In basic words Remote Code Execution is a vulnerability that allows attackers to access a system and read or delete their contents, make changes etc.

What is LFI ?

In basic words Local File Inclusion is used by attackers to trick the web application into exposing or running files on the web server. It can lead to information disclosure, remote code execution, or XSS. LFI occurs when an application uses the path to a file as input. If the application treats this input as trusted, a local file may be used in the include statement.

What are Logs ?

A log file is a computer generated data file that contains information about usage patterns, activities, and operations within an operating system, application, server or another device.

What is vsftpd.log file ?

It is use to trace malicious activity facilitated by the FTP service, it must be configured to ensure that all commands sent to the ftp server are logged using the verbose vsftpd log format. The default vsftpd log file is /var/log/vsftpd. log. Basically it keeps the track of the login activity or failed login attempts on the FTP server.

What is auth.log file ?

It contains system authorization information, including user logins and authentication mechanism that were used.

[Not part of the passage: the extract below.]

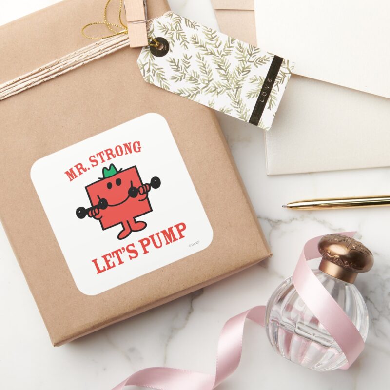 Pumping Iron With Mr. Strong Square Sticker vinyl sticker, waterproof durable collectible sticker for laptop, phone, bottle, bike, notebook, helmet, and accessories.

NOTE : If you want to learn more about different log files then visit - https://www.thegeekstuff.com/2011/08/linux-var-log-files/

What is log poisoning ?

Log Poisoning is a common technique used to gain a reverse shell from a LFI vulnerability. To make it work an attacker attempts to inject malicious input to the server log.

How I found this vulnerability ?

  1. I discovered an endpoint where I found Local File Inclusion

2. Then I tried to access /etc/shadow file but I didn’t get any result

3. Then I tried to access /var/log/auth.log file but no result

4. Moving further I did a nmap scan to check what are the open ports

As you can see port 21, 22 and 80 were open so I thought of doing a log poisoning on ssh login but unfortunately the /var/log/auth.log file wasn’t accessible on the web so I thought that it is not possible to achieve Remote Code Execution.

I wasn’t aware that ftp logs are saved in a different file called vsftpd.log, I thought it is also saved in auth.log so I tried to access /var/log/vsftpd.log file and was successfully able to see the contents of it on the web so now the next step was to go for a log poisoning on ftp server.

For log poisoning it was necessary to find which technologies are used by the web application in order to find a perfect payload for it, I used wappalyzer to find the technologies used and I found it was using PHP 7 and some other technologies too.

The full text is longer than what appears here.